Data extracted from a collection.
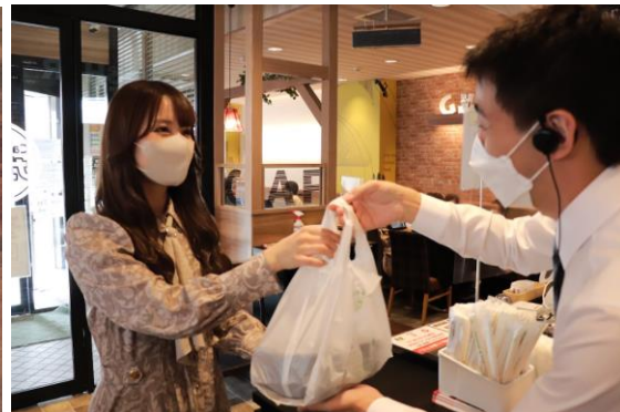
Take-out ordering (image)
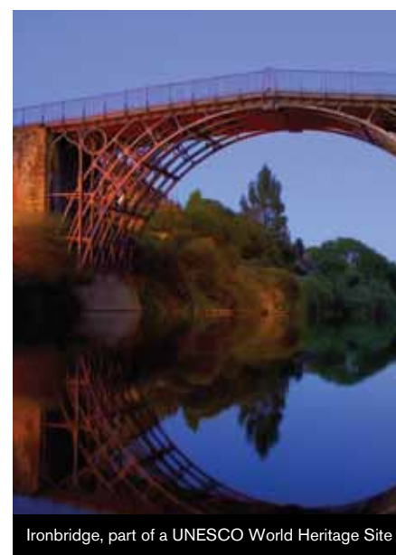
Ironbridge, part of a UNESCO World Heritage Site

Prior to its opening, a team of researchers from Birmingham visited the museum to carry out laser scanning of the building, to preserve a record of the historic site as it stood before further development for perpetuity. Not only does this demonstrate the cutting-edge technologies available to Birmingham scholars and the novel ways in which they can be used, but it also shows our commitment to participate in all aspects of Chicago’s public life in a positive and supportive fashion.
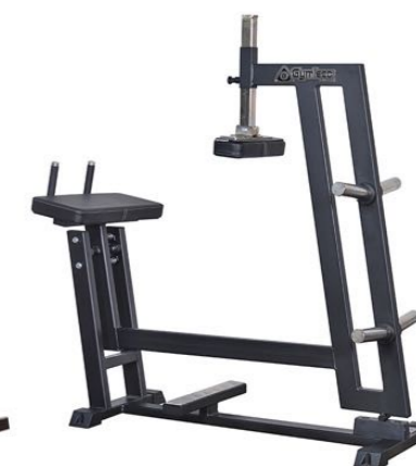
Donkey Raise Art.nr: 046

Length: 146 cm Width: 65 cm Height: 156 cm
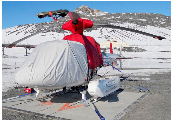
AS350 Bubble Cover w/ Cargo Mirror, Blade Tie-downs, Insulated Engine, Insulated Main Rotor Hub and Insulated Tail Rotor Covers

What you have to do. Leave out the pictures, and give all the records again exactly.

Problem solution.
Take-out ordering (image)
Ironbridge, part of a UNESCO World Heritage Site

Prior to its opening, a team of researchers from Birmingham visited the museum to carry out laser scanning of the building, to preserve a record of the historic site as it stood before further development for perpetuity. Not only does this demonstrate the cutting-edge technologies available to Birmingham scholars and the novel ways in which they can be used, but it also shows our commitment to participate in all aspects of Chicago’s public life in a positive and supportive fashion.
Donkey Raise Art.nr: 046

Length: 146 cm Width: 65 cm Height: 156 cm
AS350 Bubble Cover w/ Cargo Mirror, Blade Tie-downs, Insulated Engine, Insulated Main Rotor Hub and Insulated Tail Rotor Covers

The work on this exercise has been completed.